The ACLU argued that charging higher ticket prices to agnostics or atheists was the same as discriminating against Catholics, Jews, blacks or whites.

In October, Administrative Law Judge Georgia Brady ruled that the Suns had not discriminated against Silverman because fans weren't required to bring church bulletins to the stadium to get the Church Bulletin Day discount. Ticket-sellers would provide the bulletins if the fans lacked them.

Silverman "was offered every advantage without regard to his creed," she wrote in her opinion.

The ACLU appealed to the Maryland Human Relations Commission.

Blenckstone said a separate ACLU lawsuit filed against the team in 1998 in U.S. District Court convinced him that it was time to settle on all fronts. That suit, which also challenged use of the church bulletins, had not had its day in federal court.

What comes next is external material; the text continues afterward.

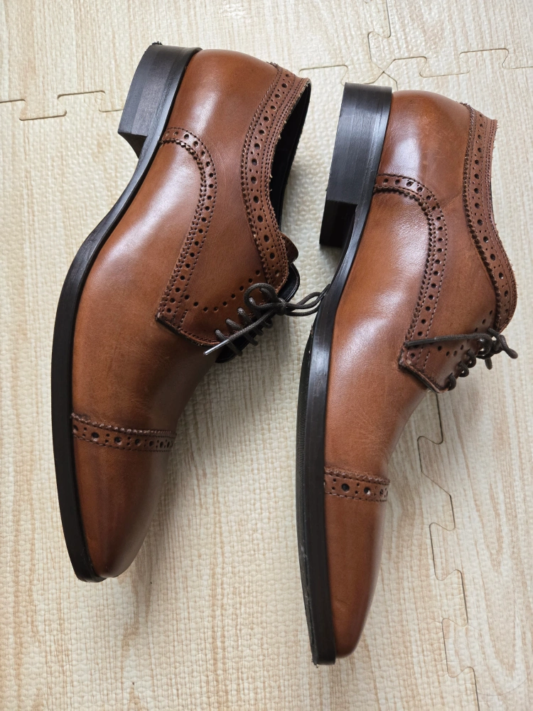 商品名:Bruno Magli for Alexander Julian イタリア製レザ ーシューズ(サイズ43/元箱付き) 商品説明: クラシカルなブローグデザインが魅力のBruno Magli製レザーシューズ。キャップトゥと上質なダークブラウンの本革が、エレガントで洗練された印象を与えます。インソールには「Made in Italy for Alexander Julian」の刻印入りで、特別なコラボレーションによる希少価値の高い一足です。ヨーロッパサイズ43(日本サイズ換算で約27.5~28cm前後)となっており、洗練された大人の足元を美しく彩ります。 サイズ:43(約27.5〜28cm相当) カラー:ダークブラウン 素材:本革 原産国:イタリア 付属品:オリジナルボックス付き 1度履いたきり、履く機会がないので出品します。 何ヵ所かキズがありますが、全体的には美品かと思います。 素人検品なので見落としはご容赦ください。 あくまで中古品ということで、ノンクレーム、ノンリターンにご理解いただきご購入ください。 受渡しは学芸大学駅周辺での引取希望すが、近場であればお持ちすることも可能です。 くつ 靴 革靴 レザー レザーシューズ

"When they put that federal lawsuit on us, they were asking that we not only be forced to drop the promotion, but they also wanted attorney fees should they be successful," he said. "As a small-businessman, that's a frightening thing to look forward to."

In pure minor-league baseball tradition, Blenckstone said he did not consider the settlement a defeat but an opportunity "to expand an already successful promotion."

Beginning with the first Sunday game of the coming season, on April 16 against the Greensboro Bats, the team will welcome church bulletins and bulletins from the 4-H Club, the Kiwanis Club, food kitchens and any other civic or nonprofit organization. The new promotion will be called Sunday Family Bulletin Day.

"It's a new year. We're expanding," Blenckstone said. "And we may expand to one of these days where you cut your hair off at the gate and get in free."